Attack the “direct act”: preparation is not attempt
If the evidence shows the client was near a building, walking through an alley, or even looking into windows, that may be suspicious but still not a “direct but ineffectual act” toward burglary. Defense counsel will look for:
• Lack of tool use or forced entry evidence
• No contact with locks/windows (or unclear video)
• Conduct consistent with trespass or loitering rather than attempted entry
• Witness exaggeration or assumptions (“He was definitely breaking in” without seeing an act)
In LA, where surveillance footage is common but often grainy and angle-limited, careful frame-by-frame review frequently reveals uncertainty—creating leverage for dismissal or reduction.
Dispute identification: mistaken ID is common in “near the scene” arrests
Attempted burglary arrests often occur after a 911 call about a “suspicious person.” Officers arrive quickly and detain someone nearby. If nothing was taken and there is no clear entry, the case may hinge on whether the detained person is the same person seen on video or by a witness.
Defense counsel may challenge:
• Poor lighting, distance, or cross-racial identification issues
• Suggestive field show-ups (one-person identifications shortly after detention)
• Inaccurate descriptions (clothing differences, height/weight mismatches)
• Lack of forensic links (no fingerprints/DNA on the point of attempted entry)
Suppress evidence under the Fourth Amendment (motions to suppress)
In Los Angeles attempted burglary cases, critical evidence can come from stops, pat-downs, vehicle searches, or consent searches. If police lacked reasonable suspicion to detain, or probable cause to arrest, or exceeded the scope of a frisk, the defense may file a suppression motion.
Examples of suppression issues:
• Detention based only on a vague description (“male in dark clothing”) without specific matching facts
• Unlawful search of pockets/backpack producing tools, gloves, or flashlights
• Warrantless entry into a yard or residence without exigency or consent (fact-dependent)
• Prolonged detention while officers “fish” for probable cause
If key evidence (e.g., alleged burglary tools) is suppressed, the prosecution may be unable to prove intent or a direct act—especially when no property was taken.
Undermine “burglary tools” narratives
Everyday items can be characterized as tools: screwdrivers, box cutters, gloves, flashlights, or pliers. The defense should test whether the item is truly incriminating in context.

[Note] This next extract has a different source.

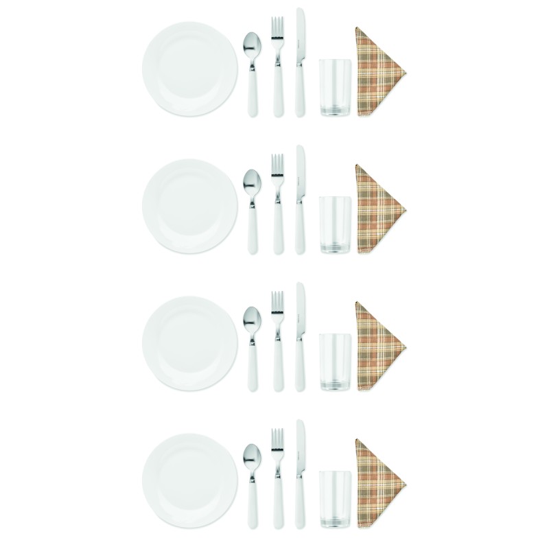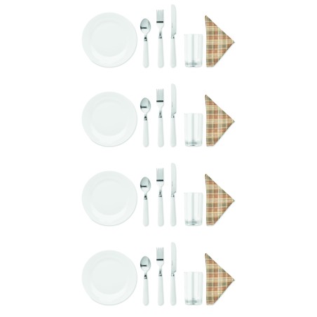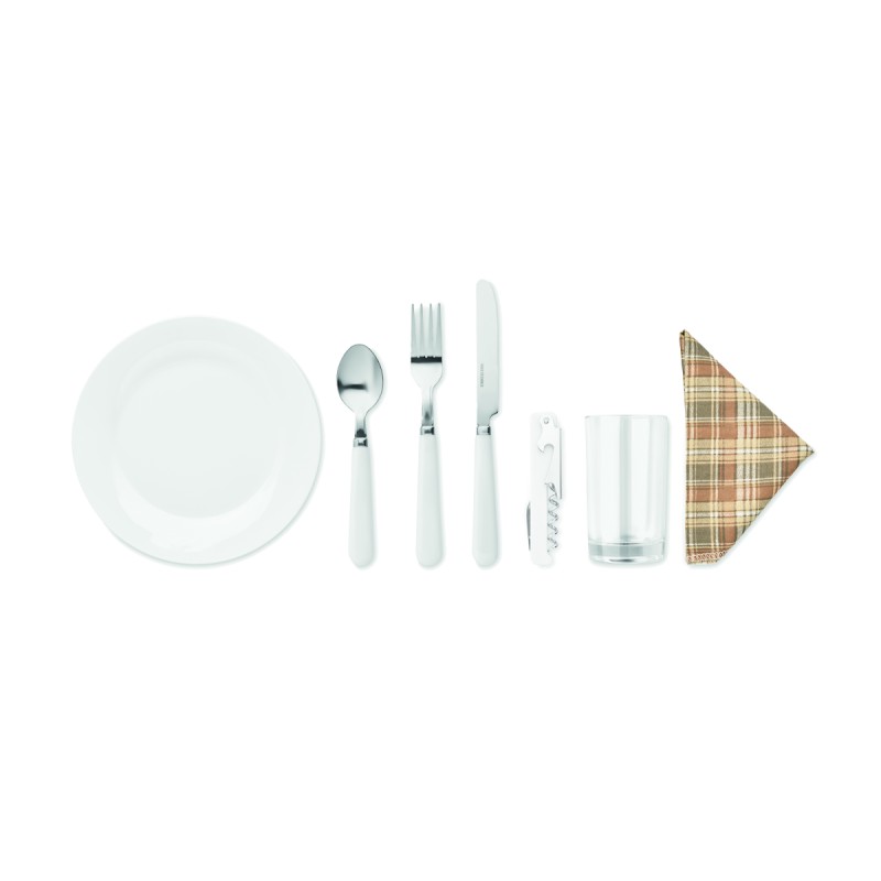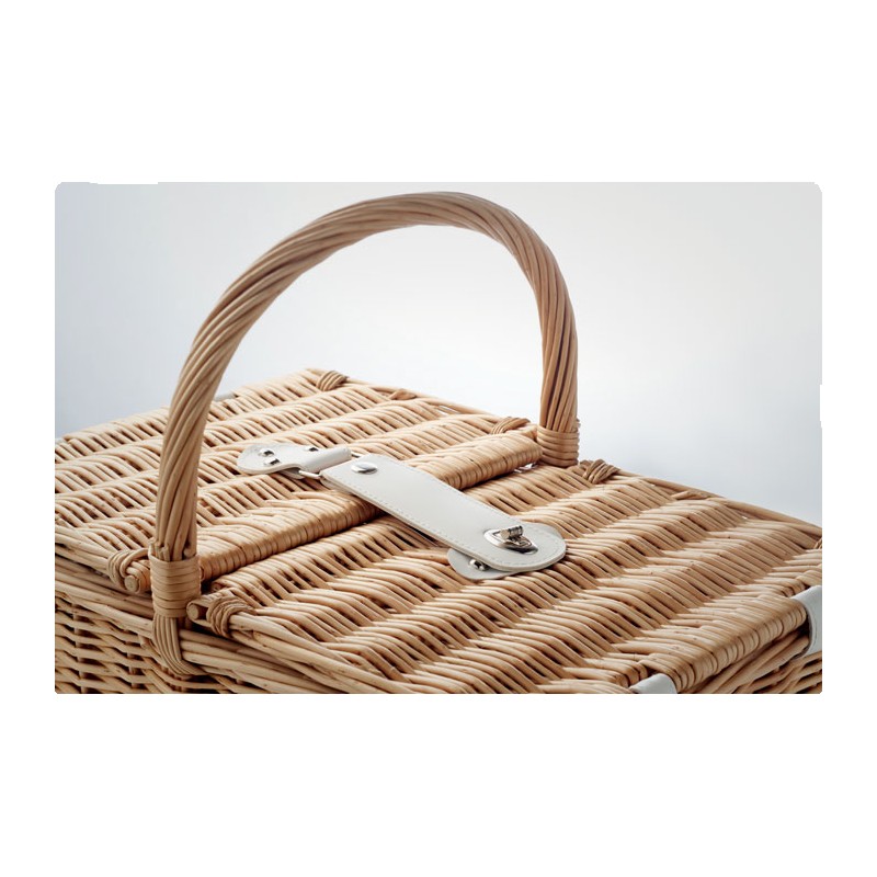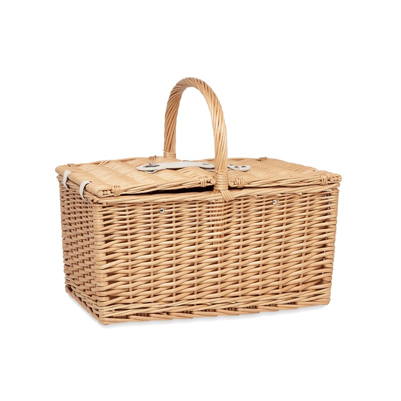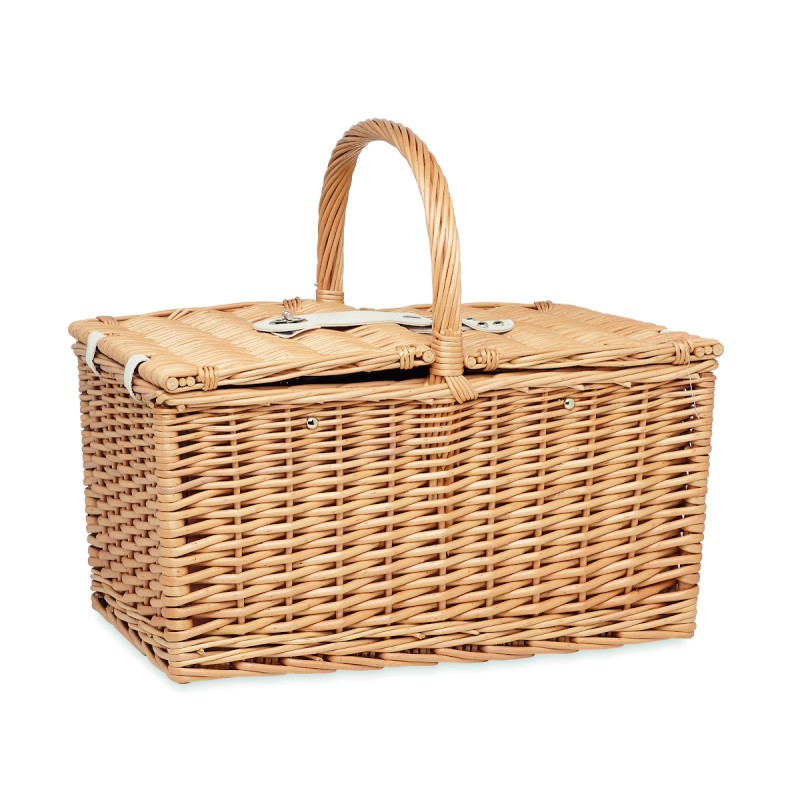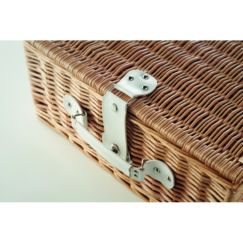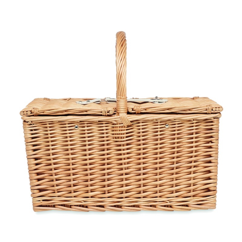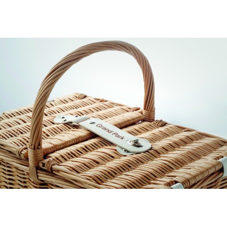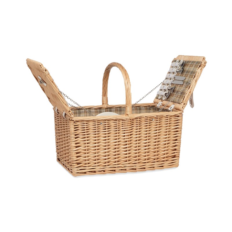Panier à pique-nique en osier pour 4 personnes, comprenant 4 cuillères, 4 fourchettes et 4 couteaux en acier inoxydable, 4 assiettes en céramique, 4 verres en verre et 4 serviettes en poly coton et 1 limonadier.

Helpful questions: Is the item consistent with the client’s job (construction, maintenance, delivery)? Was it lawfully possessed? Was it actually used? Is there damage matching the alleged tool? Is there body-worn camera footage showing where it was found and how it was handled?
Common LA Fact Patterns (and How They’re Defended)
Scenario A: “Pulled door handles at a closed business”
Prosecution theory: Trying multiple doors shows intent to break in and steal.